Cuatro años más tarde llegó el del Día del Padre. Rusia 2018. Domingo 17 de junio, nadie iba a verlo porque era contra Alemania, el campeón del mundo. Minuto 35 en Luzhniki, contra de México, Javier Hernández abre para “Chucky” Lozano por izquierda, recorta a Boateng y define cruzado. Gol de Lozano a Alemania. Le ganamos 1-0 a Alemania. Todos gritando. Todo el país gritando. Luego le ganamos 2-1 a Corea, perdimos 0-3 contra Suecia y pasamos porque Corea le ganó a Alemania. Festejamos la derrota ajena. Y en Octavos, en Samara, Brasil nos ganó 2-0. Séptimo Mundial consecutivo perdiendo en Octavos.
Luego vino el raro, el que no fue en verano. Qatar, hasta noviembre por el calor del desierto. Nos tocó verlo con suéter, y todavía “pan de muerto”, pero con chela helada. Era el equipo del “Tata” Martino, sin gol. Memo Ochoa atajándole un penal a Lewandowski contra Polonia para el 0-0, luego sin tirar a portería contra Argentina, 2-0 con goles de Messi y Enzo, y el último contra Arabia, necesitábamos tres goles, metimos dos, de Henry Martín y un golazo de tiro libre de Luis Chávez, estábamos a un gol y en el 90+5 Arabia nos hizo el 2-1. Por primera vez desde 1978, México no calificó a Octavos.

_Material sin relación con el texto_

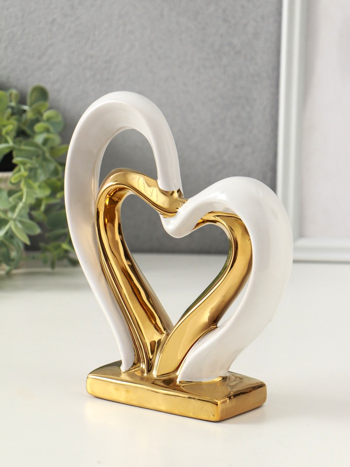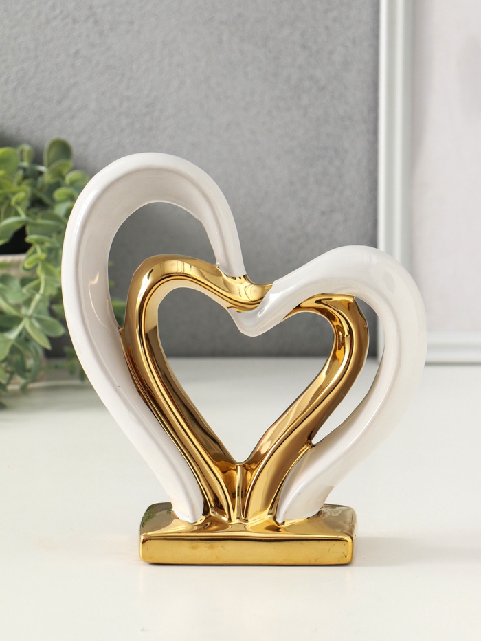 Эта керамическая фигурка — настоящее воплощение нежности и гармонии, созданное для тех, кто ценит изысканность и символику. Два сплетённых сердца, выполненные в белом и золотом цвете, становятся не просто украшением интерьера, а символом любви, единства и теплых отношений. Размеры 5.5×17.5×19.5 см делают её универсальной: она органично впишется как на полку в гостиной, так и на рабочий стол, наполняя пространство уютом и элегантностью.

Treinta y dos años después, volvió a donde empezó todo. Partido inaugural el 11 de junio en el Azteca. Otra vez México contra Sudáfrica, como en 2010. México se convirtió en el país con más partidos inaugurales en la historia y el Azteca en el estadio con más partidos mundialistas en la historia.
Le ganamos a Sudáfrica 1-0, pero sin convencer. Equipo nervioso. El segundo, contra Corea del Sur en Guadalajara, 1-0, generó dudas. El tercero, contra Chequia en el Azteca, por fin convenció y goleó, 3-0.
Con el nuevo formato de 48 equipos, pasamos a Dieciseisavos. Nos tocó Ecuador en la Ciudad de México. Un partidazo. Dijeron los sudamericanos que nos iban a sacar. Les ganamos 2-0, con el Azteca temblando.
Y luego llegó Inglaterra. Octavos de Final. Nos ganaron 3-2. Sin polémica, sin No Era Penal, sin golazo de último minuto. Nos ganaron bien, con un inglés menos.
Nos fuimos otra vez antes del sexto partido, el famoso quinto del antiguo formato. En nuestra casa. Con el Azteca lleno. Y por primera vez no sentí coraje. Sólo sentí que se cerró el círculo. Que empecé viendo a México perder en penales contra Bulgaria en Nueva Jersey y terminé viéndolo perder contra Inglaterra en Ciudad de México, habiendo sido anfitrión.
La misma historia, contada por un niño con la cara pintada bajo la llovizna, o por un adulto en chanclas con una cerveza en la mano. La historia es la misma.